OK. Ok if can handle 50000 queries per second.

So my question is... a more direct and precise question, just about
ufdbGuard. While ufdbGuard reloads its URL database, does it pauses
answering queries ? If yes, how long does it takes ?

ufdbGuard does not pause answering queries from Squid during a reload
since that would pause Squid and is considered an interruption of service.

ufdbGuard releases the current URL database, loads a new configuration
and loads a new URL database in 10 seconds on average.
ufdbGuard has a configurable behaviour in this 10-second interval and
does either one of:
- allow all URLs; send immediately an "OK" back to Squid (default)
- allow all URLs but also introduce artifical delays when sending
replies back to Squid.
   The effect is that traffic is slowed down and the total number of
unfiltered URLs is reduced.
- deny all URLs; send immediately and "not OK" back to Squid.  The end
user receives a message like "try again in a few moments".
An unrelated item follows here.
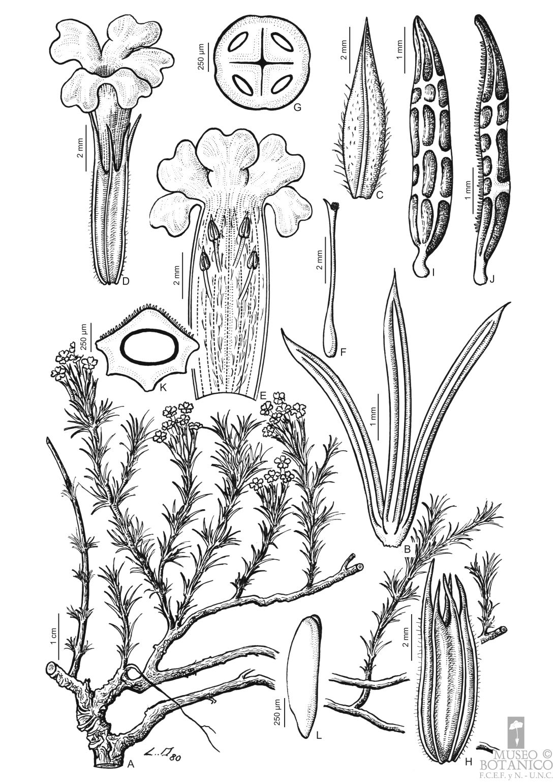 A. Rama. B. Hoja, vista abaxial. C. Bráctea. D. Flor. E. Corola desplegada. F. Gineceo. G. Transcorte por ovario, obsérvese los 4 carpelos biovulados. H. Cáliz fructífero. I-K. Mericarpo, vista dorsal, lateral y transcorte, respect. L. Embrión (de A. T. Hunziker 8047, CORD).

The last option is for the admins who need maximum control and are
afraid that users or applications can benefit from the URL filter
passing all URLs for 10 seconds.

Marcus
it a very clever IDEA.
I still prefer a real time upgradeable DB which doesn't require reload etc.
The above will require a more precise algorithms that will work with 
another way then only categories.
I am almost sure that squidguard actually compiles a basic algorithm 
when loading the config files.
If there is someone that is familiar with the internals and we can think 
together on two ways tree(one by category and second by filtering 
levels) I think it will be a very nice idea.
Something like:
porn is bad and in level -51
malware is bad and in level -50
news is bad and in level -30
etc...
this way we can filter with another approach then we used to.
The only different is the static algorithm which verifies the url by 
domain and url.
check in the db if there is a domain+path then if there is what level is on.
check in the db if there is domain only then if there is on what level 
it is.
it's a very simple idea which will make lot of load on the DB but will 
make the algorithm very simple.
A youtube video can be filtered very easily by categorizing a full set 
of urls in youtube format with a small "addon" algorithm which knows of 
all the ways a youtube video can appear.
it's better then a simple REGEX and makes the search better.
If in squidguard I would categorize a video by one domain and video 
identifier we can use a set of domains that the next search can be 
wither precise or if the ID exists.
It can work with lots of sites since a URLs should reflect on specific 
content.
if it's more then a URL per object then a HEADER will provide enough 
data on the request to identify it.

What do you think about the above examples?

Eliezer